"СВОБОДНОЕ ИСКУССТВО... ТРЕБУЕТ"
Завершая творческую жизнь, Фет, прежде многократно формулировавший в статьях и письмах свои эстетические убеждения, еще раз, быть может, с мыслью о том, что это будут итоговые обобщения, высказал их в переписке с поэтом К. Р. - своим горячим поклонником. Не то чтобы это было задумано как некий целостный и стройный трактат, но в итоге эпистолярного диалога, содержащего эстетические размышления и советы Фета, сложилось рассуждение "о поэтическом искусстве", своего рода фетовское "De arte poetica" (именно так назывался трактат Горация, переведенный Фетом).
Речь идет не о литературе в целом, но только о поэзии, и притом - поэзии лирической. Лирическая же поэзия, по убеждению Фета, не терпит пространных, подробных описаний, - в ней все должно быть сконцентрировано вокруг лирического события, а изображение неопределенных чувств, в чем обычно упрекали "чистых поэтов", годится, по мысли Фета, только для прозы (неожиданное и очень интересное замечание). "Страдание, счастие, гнев, ужас и т.д., словом сказать, все мотивы дороги поэту как мотивы к произведению стройных и одноцентренных выпуклостей, а о том, что кто-то страдал неведомо чем, а другой при лунном свете его любил, может быть гораздо толковее разъяснено прозой, и рождается вопрос, зачем же тут стихи и рифмы? Зато пусть кто-нибудь попробует рассказать прозой любое стихотворение Гете, Пушкина, Тютчева или Гафиза" (27 декабря 1886 года) [55]. Заметим, что не только страдание, но гнев и ужас Фет считал законными темами лирики, за исключением тех произведений, в которых они имели социальное или политическое содержание.
Другой важный тезис Фета - требование сжатости и емкости лирического произведения, его индивидуальной музыкальной интонации. "Лирическое стихотворение подобно розовому шипку: чем туже свернуто, тем больше носит в себе красоты и аромата <...> Дело поэта найти тот звук, которым он хочет затронуть известную струну нашей души. Если он его сыскал, наша душа запоет ему в ответ; если же он не попал в тон, то новые поиски в том же стихотворении только повредят делу" [56].

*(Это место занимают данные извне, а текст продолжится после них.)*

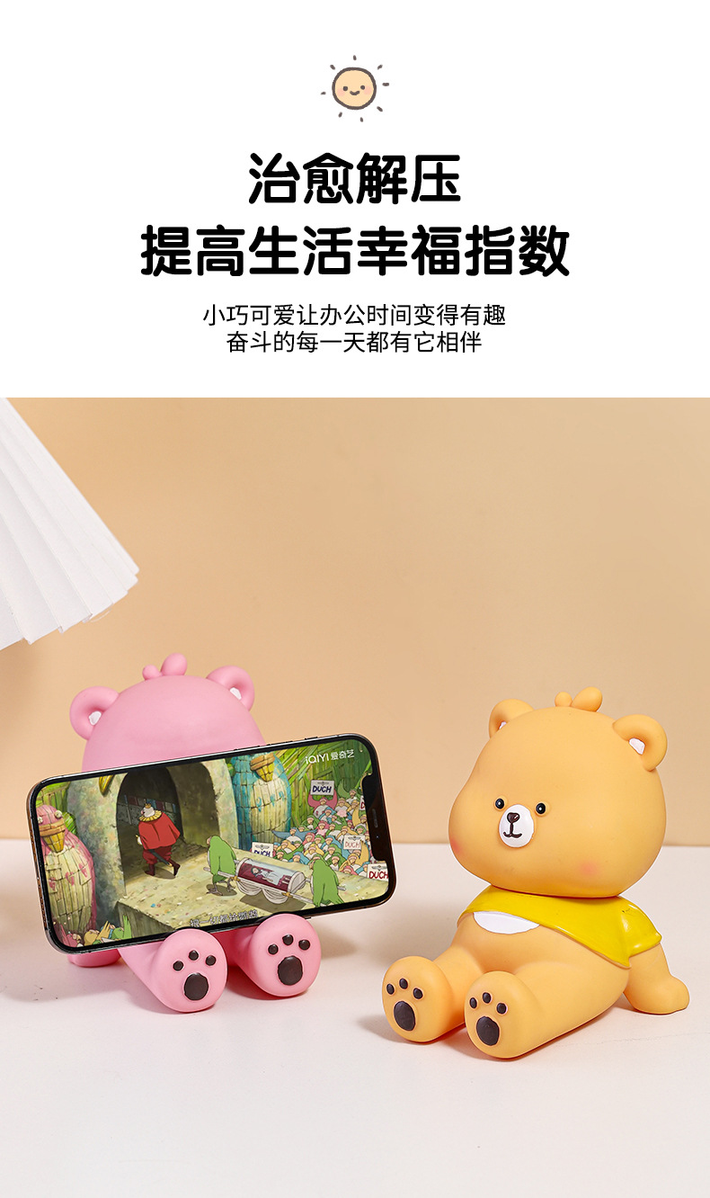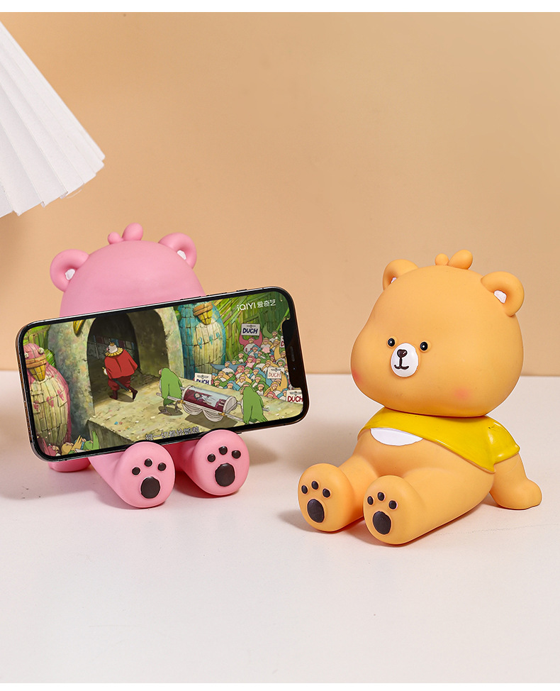구이 빙 개 곰 휴대 전화 브래킷 게으른 남자 휴대 전화 홀더 수제 움직일 수있는 모델 귀여운 데스크탑 인형 선물

Звук, мелодия, изначальная интонация несут предощущение главного смысла лирического произведения, непосредственно затрагивая душу.
Приближается звук. И покорна щемящему звуку
Молодеет душа, -
так начал Блок одно из своих очень близких Фету стихотворений.
Известно суждение о Фете Чайковского (тоже в письме к К. Р. от 28 августа 1888 года): "Фет, в лучшие свои минуты, выходит из пределов, указанных поэзии, и смело делает шаг в нашу область. Поэтому часто Фет напоминает мне Бетховена, но никогда Пушкина, Гете, или Байрона, или Мюссе. Подобно Бетховену, ему дана власть затрагивать такие струны нашей души, которые недоступны художникам, хотя бы и сильным, но ограниченным пределами слова. Это не просто поэт, а скорее поэт-музыкант" [57]. Чуткость Фета к музыкальности стихотворной речи была необыкновенной: "У всякого поэтического стиха, - писал он Полонскому, - есть то призрачное увеличение объема, которое существует в дрожащей струне" (21 декабря 1890 года).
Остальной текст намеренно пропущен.